It’s hard to tell where the journey of Darfur United began. I can reference when we first discussed the idea at Good Stuff in Hermosa Beach with i-ACT’s Ian Harrington. I can recall when Coach Mark Hodson first stepped onto the sandy pitch in refugee camp Djabal for team tryouts in 2012. These events may mark the beginning of the team, but the spirit of Darfur United and the will to never quit, on or off the pitch, started long before that.
Today, each team member’s will was tested greatly in our first ConIFA World Football Cup match against Padania. The final score of 20-0 doesn’t even begin to tell of the work ethic or pride these players displayed for 90 minutes against a backdrop of treelined mountains and clear lakes in Ostersund, Sweden. They never, ever quit. They challenged every ball, and some players really stood out on the pitch. Khamis and Youssouf held strong in the back. They patiently timed their tackles and quickly shut down the offensive attack, even successfully playing an off-side trap on several occasions. At the front, Yaya pushed Padania’s defenders to mark tightly and remain focused for the entire game.
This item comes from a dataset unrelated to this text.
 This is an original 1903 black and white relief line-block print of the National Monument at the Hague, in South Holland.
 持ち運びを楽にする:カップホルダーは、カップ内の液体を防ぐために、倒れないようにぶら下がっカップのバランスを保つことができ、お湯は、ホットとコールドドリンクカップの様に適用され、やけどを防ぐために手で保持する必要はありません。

Despite one red card against Saleh and three penalty kicks awarded to Padania, Darfur United played every minute as if it were 0-0 and we were fighting for that winning goal.
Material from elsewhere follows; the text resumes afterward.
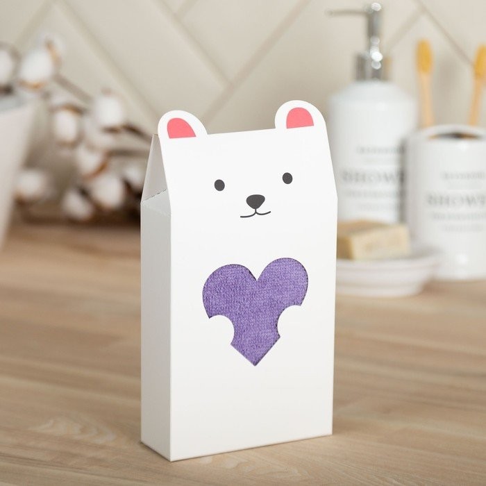 Полотенце подарочное Экономь и Я «Мишка» 30*60 см, цв.сиреневый, 100% хл, 320 г/м2

I don’t know how many teams would have kept their focus and intensity goal after goal. I can’t say I would have been able to do it. The Darfur United team is special in so many ways, one of which is the pride they display and the understanding that DU is more than football. It’s about unifying across tribal and geographic boundaries to be part of one path forward, a path that uses communication, trust and will to create a peaceful, alternative future. The players are committed to this and know that if Darfur United remains a team, then anything is possible for the future of Darfur. This drive comes from deep within and cannot be taught.
I know the guys feel disappointed and that they might have let down their families and communities back home. I think nothing could be further from the truth. Against so many obstacles, they never quit and found themselves singing their national anthem in a stadium at the ConIFA World Football Cup. They never quit their families and communities in their refugee camps. And they believe they can change Darfur’s destiny for the better. And I believe this, too. If they were still fighting at minute 90, when the 20th goal fell, then I know they will never give up on their people.
Let us each make a commitment now to match their will to never quit and make sure we do all we can to stand beside Darfur United and the millions of displaced Darfuris.